Wartime Jail

Asheville's Prisons

During the war, many large buildings such as schools, warehouses, and churches became temporary prisons in Southern cities. After Asheville's jail on Pack Square overflowed with Confederate draft evaders, deserters, Union prisoners of war, and runaway slaves, the adjacent school, formerly the Asheville Military Academy, became a prison.

Lt. Alonzo cooper, 12th New York Cavalry, was confined here in 1864 with 56 Confederate deserters and a slave. "The room was so full," he wrote, "that it was impossible for all of us to lie down at once, and we were obliged to take turns standing up." Cooper planned an escape: "It was all arranged that the powerful negro should seize the Sergeant from behind and hold him while [we] secured his pistol and the keys." The escape failed, however, and the Confederates gave the slave 100 lashes. "The shrieks and groans of this poor fellow," Cooper wrote, "was enough to send a chill of horror through the most hardened. He begged for mercy in the most piteous terms, and as the cruel strap laid open the quivering flesh, and the blood trickled down his body, I shouted ... that the poor fellow was not to blame, half so much as the white men. ... [B]y holding my hands to my ears [I] tried to shut out the sound of his pitiful cries for mercy. While reason remains to me I can never forget the scenes of that terrible night."
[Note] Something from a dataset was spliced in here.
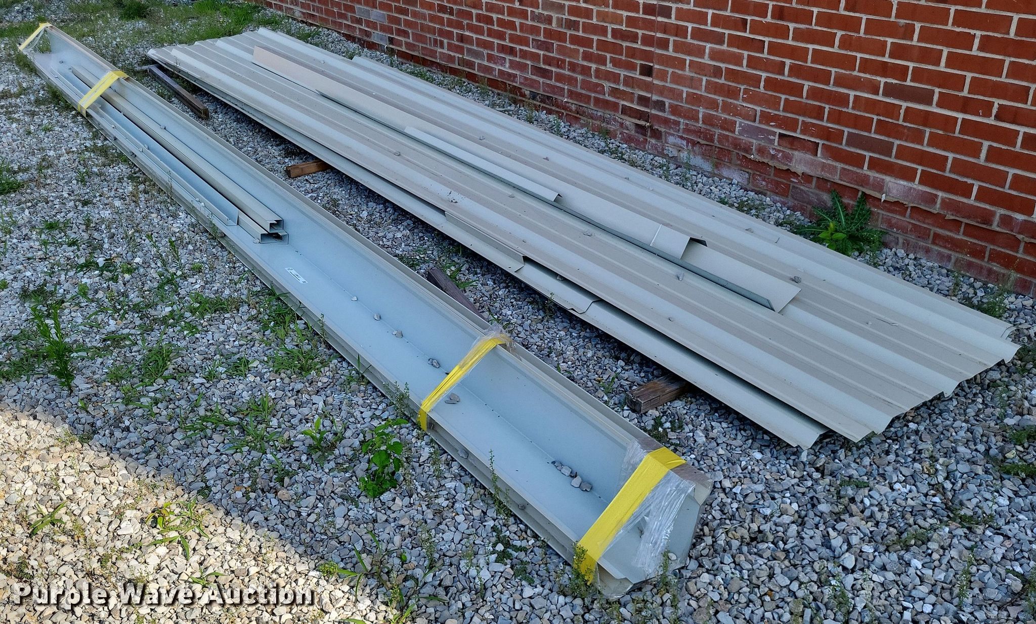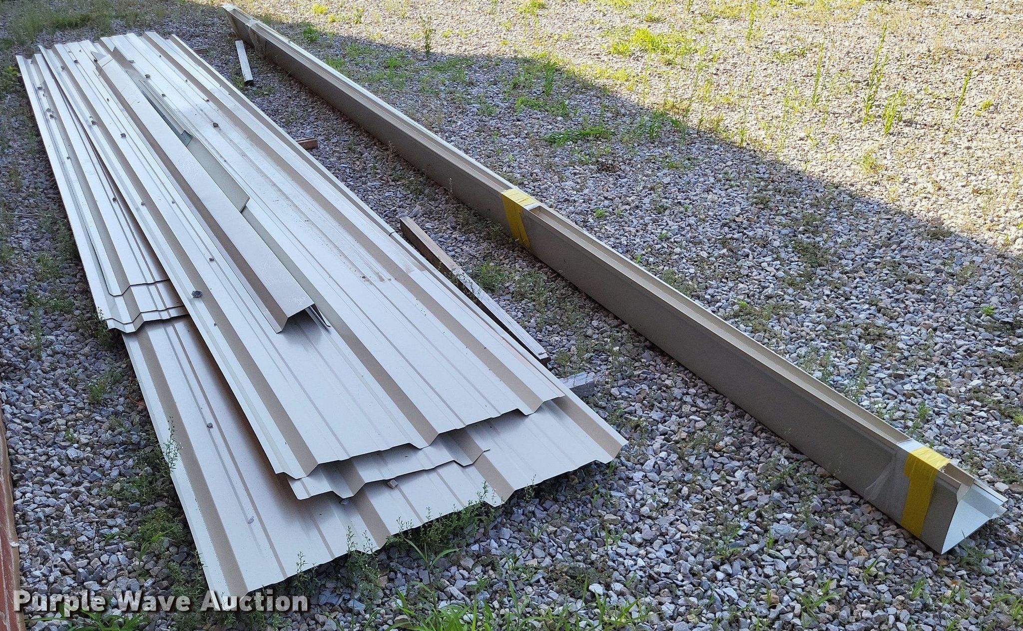 Purple Wave is selling a used Building Materials in Missouri. This item is a Approximately 6 sheets of metal siding/roofing with the following: Various lengths, Trim, Various lengths

Confederates imprisoned Hendersonville newspaper editor Alexander Jones, a Unionist, in Asheville. He was conscripted into the Virginia infantry but deserted to Cincinnati. After the war, Lt. Col. James A. Keith, who led the infamous Shelton Laurel Massacre of Unionist civilians in Madison County in 1863, was jailed in Asheville for two years awaiting trial. Fearing "Judge Lynch" (hanging by a mob), he escaped on the night of February 21, 1869, and never returned.

Marker can be reached from the intersection of Montford Avenue and Hill Street, on the right when traveling south.